It seems you are new to digital photography...it's good you are here trying to learn.

Canon are the largest manufacturer of DSLR cameras in the world. Nikon and Sony are somewhere below that. Are you suggesting that a company that primarily makes lenses, only make lenses that will not fit on the cameras most people own? 

Sigma have made camera bodies since around 2000. They are all a crop sensor (originally 1.7x crop factor, now 1.5x). It only makes sense that they would make lenses for all "35mm" camera mounts, if they want to sell lenses. 

Their biggest mistake, was not making their own mount, an EF Canon mount. That would have helped them sell more of their own camera bodies!


----------



## willchao (Apr 3, 2014)

Sigma was and forever will be, a lens manufacturer

They started off as a third party lens company and why would they stop just because they introduced their own line of camera bodies?

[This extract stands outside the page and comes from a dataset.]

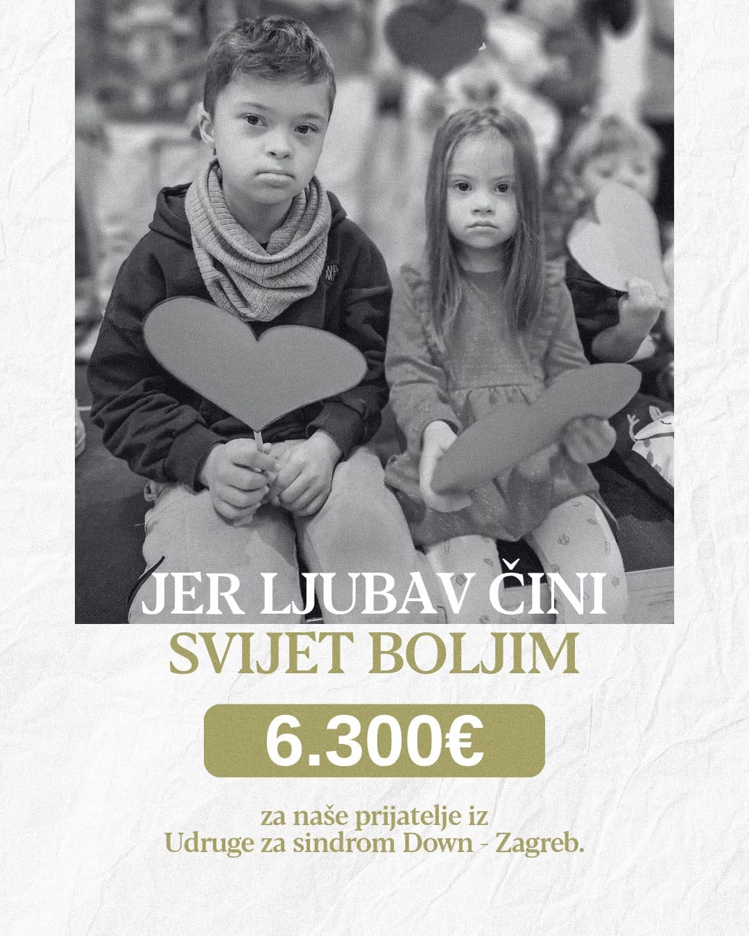 Kako su ranije najavili, iz Zorine masti odlučili su 10 posto ukupnog web prometa ostvarenog u prvih 15 dana prosinca donirati organizaciji koja skrbi o jednoj od najosjetljivijih skupina u društvu. Prikupljeni iznos bit će usmjeren na unapređenje kvalitete života djece i odraslih sa sindromom Down, kroz razvoj programa podrške, edukacije, uključivanja u zajednicu i jačanja samostalnosti.

Plus their bodies are very niche and unpopular

Microsoft just announced Office for iPad, you ought to ask them why they would bother introducing software for competitors when they have their own Surface tablets?


Why does Sony make CMOS for rival Nikons?

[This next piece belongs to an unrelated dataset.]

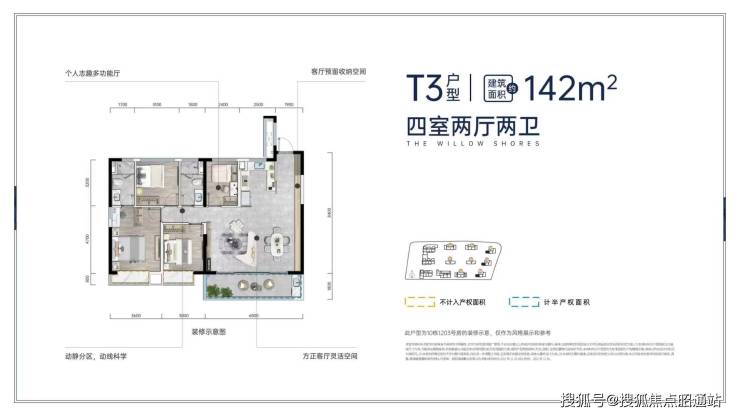 建面约142㎡(T3)全优南向奢阔四房 2T3户尊崇的私人领域|270°采光|宽幕横厅

Why does Samsung make hardware for Apple who wants to sue them for everything they have?

etc...

the list can go on




but the point is



Sigma made lenses first, there's no Eureka moment 'because our bodies are bad', but rather, there are probably moments like 'We made a lot of money making third party lenses, let's start creating our own bodies yada yada'


----------



## CarlTN (Apr 3, 2014)

willchao said:


> Sigma was and forever will be, a lens manufacturer
> 
> They started off as a third party lens company and why would they stop just because they introduced their own line of camera bodies?
> 
> ...



Have you ever owned or tried a Sigma camera or body? Or are you just spouting bandwagon platitudes?


----------



## SoullessPolack (Apr 3, 2014)

CarlTN said:


> Have you ever owned or tried a Sigma camera or body? Or are you just spouting bandwagon platitudes?



I have, and I can back him up on his statement. It's sad really, because they have the capability and potential of being a real big player in this arena, but unfortunately aren't.


----------



## jrista (Apr 3, 2014)

EricFiskCGD said:


> Just out of curiosity thanks to a conversation in Marketing 101 - why would a company like Sigma create products for other brands, specifically lenses for Canon? I'm curious about the thought process that went into a decision by such a company to create accessories and devices for someone else's products since they already have their own line of camera bodies...

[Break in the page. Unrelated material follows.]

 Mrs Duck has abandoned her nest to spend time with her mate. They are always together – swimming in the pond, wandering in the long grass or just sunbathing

There have been a bunch of good answers from other people, so I'll take a different tack.

I'm not sure the question needs to be "philosophical"...I think it really just boils down to a question of mere survival. If it wasn't for the fact that Sigma made lenses for other brands, there probably wouldn't be a Sigma! ;-P I mean, when you get right down to it, Sigma's cameras have basically "nil" for market share. Of the total camera market, Canon, Nikon, and Sony command some 87-92% (depending on which years data you reference, from the last 10 years). On average, there has been about 11.5% "other" market share, and from that 11.5%, Sigma doesn't even come up in any searches, graphs, charts, or tables, indicating it's share of that share is only a few percent.

Without lenses, Sigma's ~1-2% market share in cameras wouldn't be enough to keep them alive. They wouldn't have any money for R&D of any kind, let alone for lenses. Sigma is a lens company first and foremost, and they have become a good lens company. They are a camera or general photography company a distant second.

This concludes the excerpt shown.